BBC News Brasil – O fato de Lula já ter sido presidente, com um governo pragmático, contribui para essa aceitação?
Nunes – É uma mistura da memória que as pessoas têm do governo, mas também pelas escolhas que ele está fazendo. A escolha do Alckmin (como candidato a vice-presidente) é um exemplo disso. E Lula tem dado declarações públicas em reuniões com empresários de que quer voltar a gerar estabilidade no país. São sinais de discurso e de posicionamento que acabam ajudando na formatação de uma visão menos crítica. Embora, isso não queira dizer, nem no caso da população, nem no caso da elite brasileira, que haja qualquer perdão em relação a escândalos de corrupção.

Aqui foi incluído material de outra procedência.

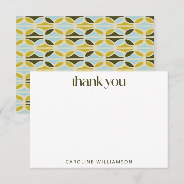 Patrón de formas pasteles abstractas personalizadas Boho en nombre personalizado azul claro y verde gracias tarjeta
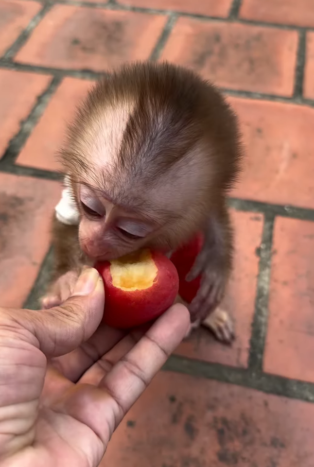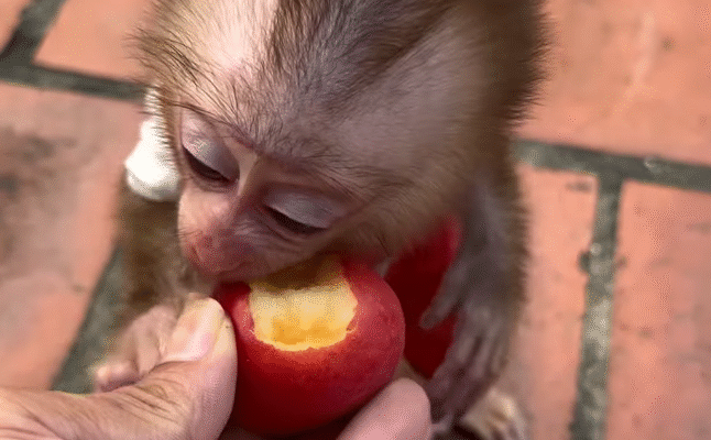 The warm morning sun filtered gently through the trees, lighting up the small yard where Baby Monkey Bon was playing. His tiny golden fur glowed under the sunlight, and his curious eyes scanned everything around him — a few fallen leaves, a half-empty water bowl, and a basket of fruit sitting on the wooden table near the hut. The moment his little nose caught the sweet scent of ripe bananas, Bon’s tummy gave a tiny growl. He loved bananas more than anything in the world — soft, sweet, and easy to chew.

Eu gosto sempre de lembrar que metade da minha amostra (das pesquisas eleitorais da Quaest) diz que o Lula foi corretamente punido pela Lava Jato. Não é que as pessoas perdoaram, acham que ele virou inocente. É que na opinião delas, e eu acho que isso se estende ao mercado financeiro, as escolhas do governo Bolsonaro são piores do que as escolhas de um eventual terceiro governo Lula.
BBC News Brasil – O governo Bolsonaro tem resultados econômicos ruins e se afastou da agenda liberal. Por que sua percepção é que o mercado não ficaria chateado com a vitória de Bolsonaro?
Nunes – Os investidores internacionais olham para o governo e reconhecem que o governo fez uma arrumação econômica que veem como positiva. Estou dizendo o que eu ouvi, principalmente na atuação do Banco Central, eles acham que houve mais acertos do que erros. Muitos elogiam o ministro Paulo Guedes. Então, não há uma rejeição do mercado financeiro a uma possível continuidade do Bolsonaro, mas, hoje, o meu sentimento é que eles preferem que o Lula volte ao governo, principalmente pela questão da estabilidade política que ele poderia gerar.